Filosofia – Pensadores e Obras

realismo especulativo

Mais precisamente, os realistas especulativos estão unidos pela rejeição do que Meillassoux chama de correlacionismo. Essa é a doutrina segundo a qual “nunca compreendemos um objeto ‘em si’”, isoladamente de sua relação com o sujeito” (Meillassoux 2008, 5). Para o correlacionismo, uma realidade independente da mente não pode existir, porque o próprio fato de estarmos pensando em tal realidade significa que, afinal, ela não é independente da mente. Desse ponto de vista, “o pensamento não pode sair de si mesmo para comparar o mundo como ele é ‘em si’ com o mundo como é ‘para nós’ e, assim, distinguir o que é uma função de nossa relação com o mundo, o que pertence apenas ao mundo” (Meillassoux 2008, 3). No correlacionismo, como diz Brassier, “como é impossível separar o subjetivo do objetivo, ou o humano do não-humano, não faz sentido perguntar o que há em sisi mesmo, independentemente da nossa relação com ele” (em Bryant et al. 2010, 53-54). Ou nas palavras de Harman, no correlacionismo, “tudo é reduzido a uma questão de acesso humano ao mundo, e as relações não humanas são abandonadas às ciências naturais” (2009b, 156). Em outras palavras, Harman continua, “o correlacionista sustenta que não podemos pensar em humanos sem mundo, nem mundo sem humanos, mas apenas em um relacionamento ou correlação primordial entre os dois. Para o correlacionista, é impossível falar de um mundo que preexistisse humanos em sisi mesmo, mas apenas de um mundo preexistente para humanos ”(2009b, 122). Como Harman resume sarcasticamente a posição, o correlacionismo assume que “o que é pensamento é assim convertido inteiramente em pensamento, e que o que está fora do pensamento deve sempre permanecer impensável” (2010, 789).

Os realistas especulativos têm plena consciência de que a auto-reflexividade do argumento correlacionista – a maneira como ele reflete criticamente em suas próprias premissas – dificulta a fuga.

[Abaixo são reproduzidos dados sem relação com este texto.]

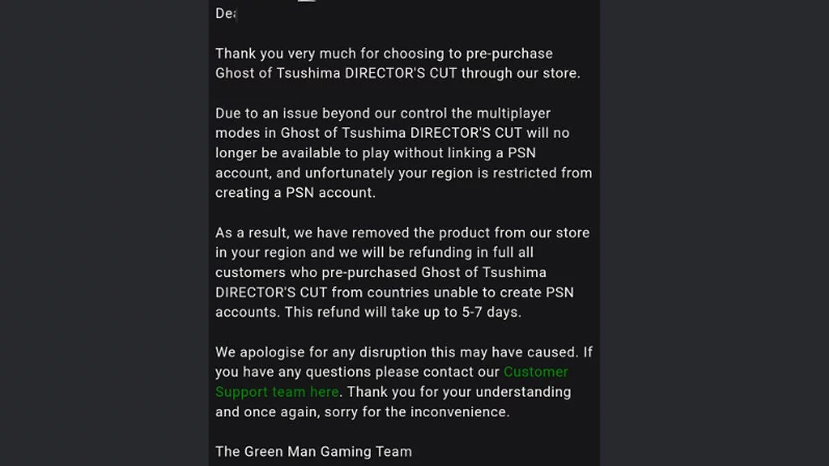 Обновление: Магазин сделал это по собственной воле, поскольку не хотел вводить покупателей в заблуждение. Ghost of Tsushima: Director's Cut продолжит продаваться в странах без PSN.
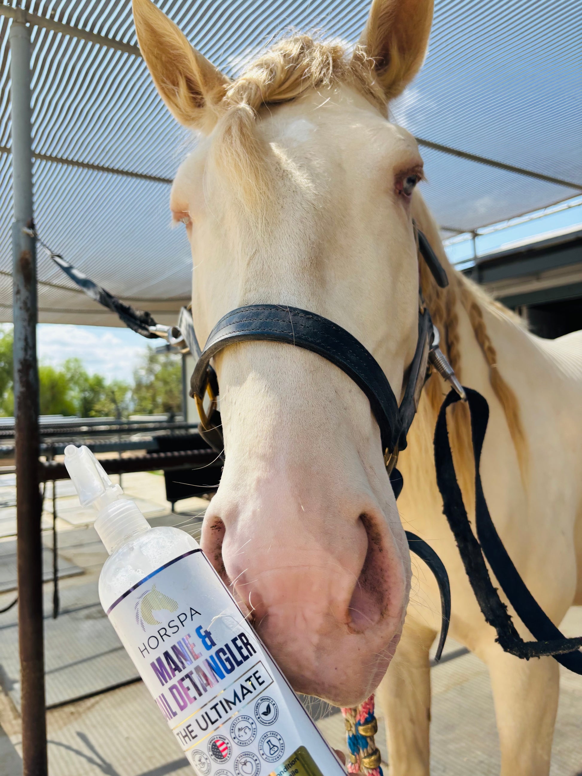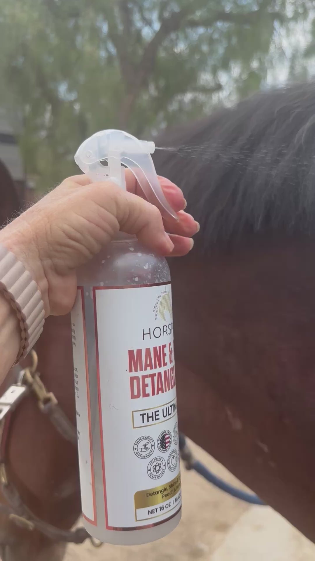 Spray Horspa Instant Detangling Spray on mane and tail. Hair strands will instantly soften, allowing for easy brushing or combing without breakage. Enjoy pain-free, tear-free, and happy horses.
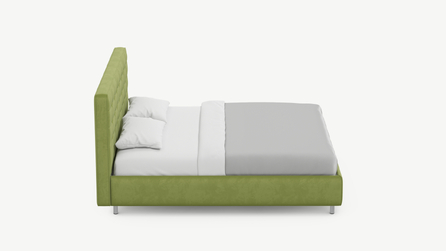 Оформите образ кровати, выбирая обивочный материал, который подчеркнет звучание Вашей спальни и отразит Ваш вкус. Обратите внимание на однотонный гладкий велюр, который усиливает объемную фактуру стежки.
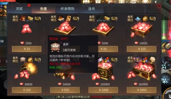 终身限购礼包:购买后不仅能获得钻石奖励,还有大量珍稀材料,提升角色实力的绝佳选择!
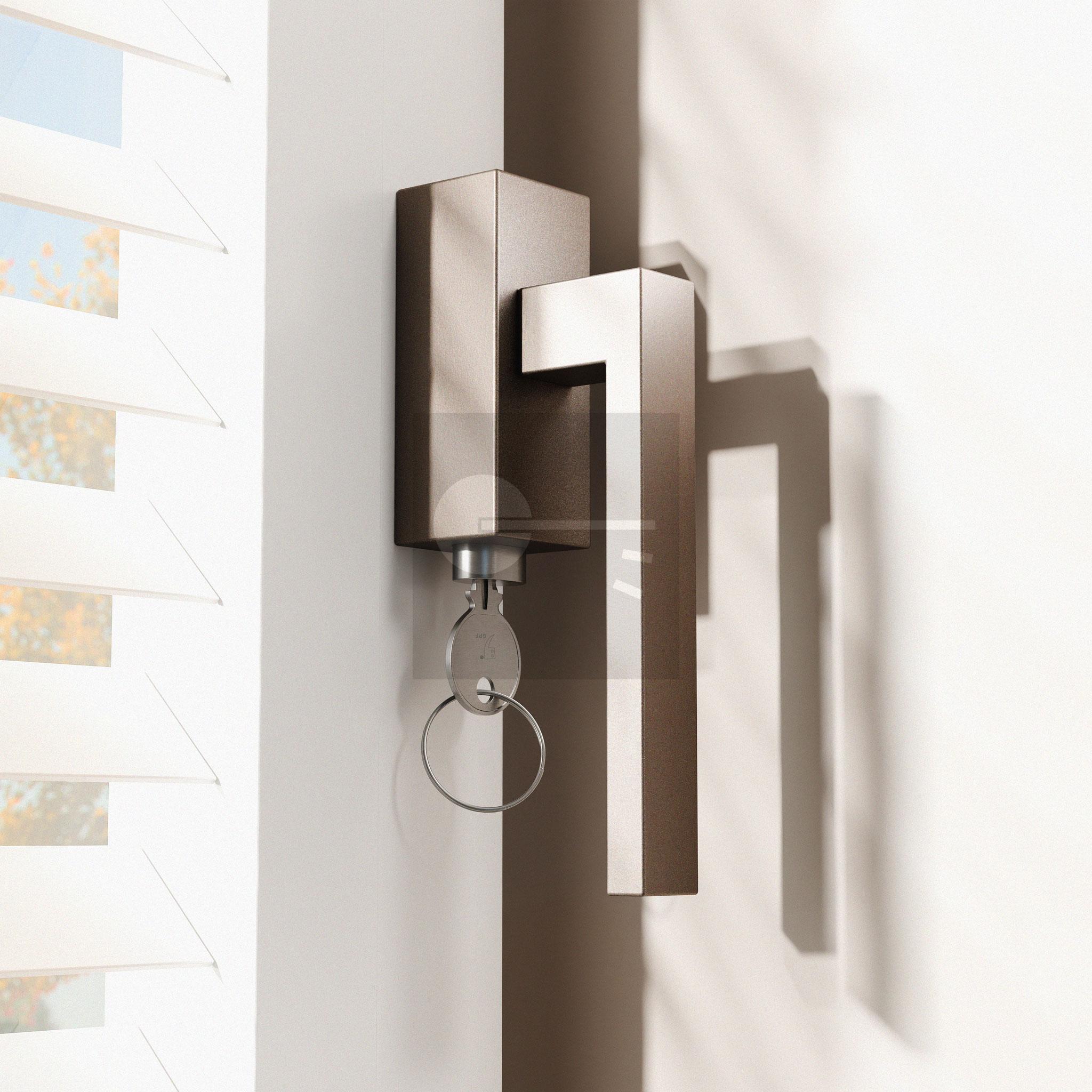 Mocca blend draaikiepmechanisme afsluitbaar rechthoekig 83x34x31 mm SKG*** met stift binnenzijde 32 mm.
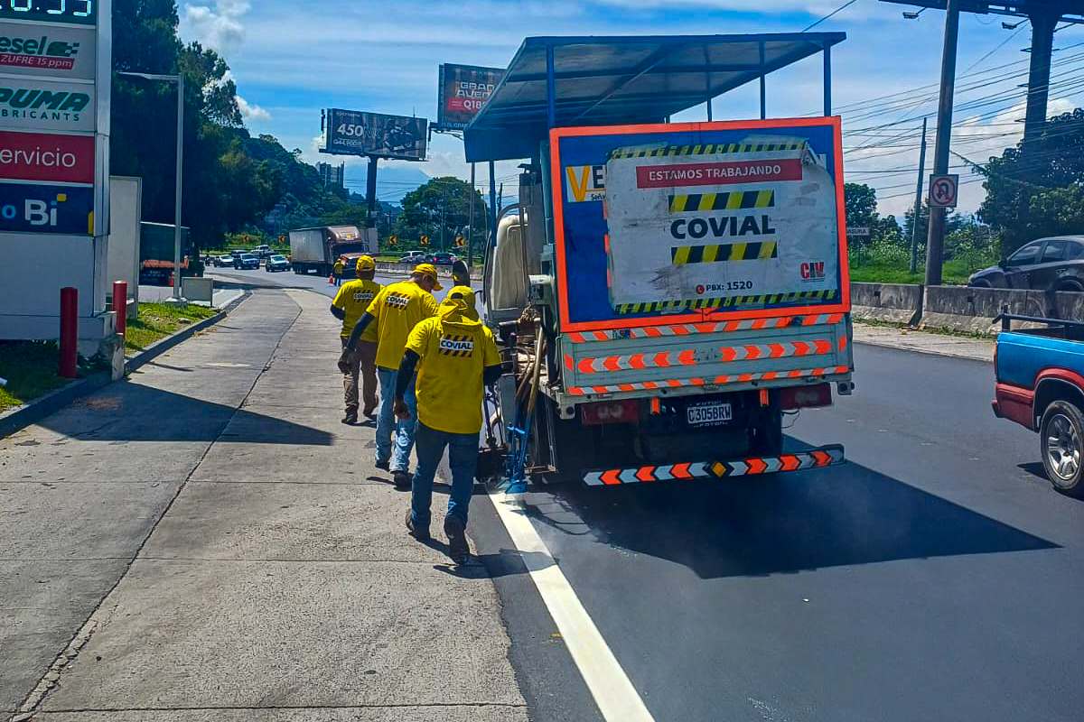 Las cuadrillas de la Unidad Ejecutora de Conservación Vial (Covial) trabajan en la CA-1 Oriente, carretera a El Salvador, para mejorar la visibilidad y seguridad de miles de conductores que transitan a diario por esta importante ruta.
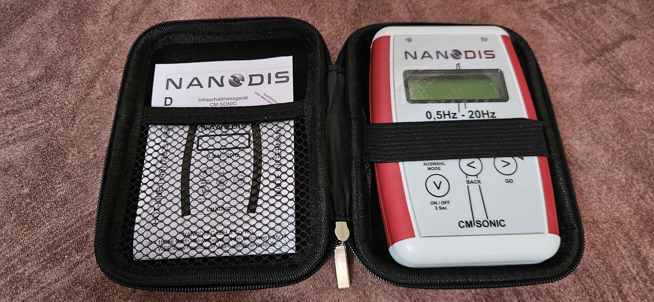 Dieses Gerät misst Infraschall im Bereich 0,5Hz – 20HZ, hat zudem eine 10h Aufnahmefunktion für diesen Bereich und kommt mit einem Stoßfesten Etui daher.

Uma vez que nos encontramos dentro do que Meillassoux chama de “círculo correlacionista” (2008, 5), não podemos facilmente sair dele novamente. A auto-evidência aparentemente auto-confirmatória do círculo correlacionista domina a filosofia ocidental há quase dois séculos e meio. O correlelacionismo remonta pelo menos à “revolução copernicana” de Kant na filosofia, segundo a qual nossa experiência do mundo só pode ocorrer sob condições de nossa própria autoria. O argumento correlacionista não é empírico, mas o que Kant chama de transcendental: ele nos fornece as mesmas condições que governam nossa compreensão e nosso discurso. Ou seja, o correlacionismo não é tão explicitamente discutido, como já é sempre pressuposto por ambos os lados em qualquer debate filosófico pós-kantiano. Com seu argumento transcendental, Kant refuta todas as formas de “dogmatismo” (tentativas metafísicas para descrever como o mundo é realmente, por si só), juntamente com o que hoje é comumente menosprezado como “realismo ingênuo”. Tais posições são impossíveis, Kant diz; porque não temos acesso a “coisas em si mesmas”, não podemos saber nada sobre elas – além do simples fato de que elas devem existir. O argumento transcendental de Kant é projetado para garantir que, nas palavras de Meillassoux, “não se possa pensar o próprio em si sem entrar em um círculo vicioso, contradizendo-se assim imediatamente” (2008, 5). [SHAVIRO, Steven. The Universe of Things. On Speculative Realism. Minneapolis: University of Minnesota Press, 2014.]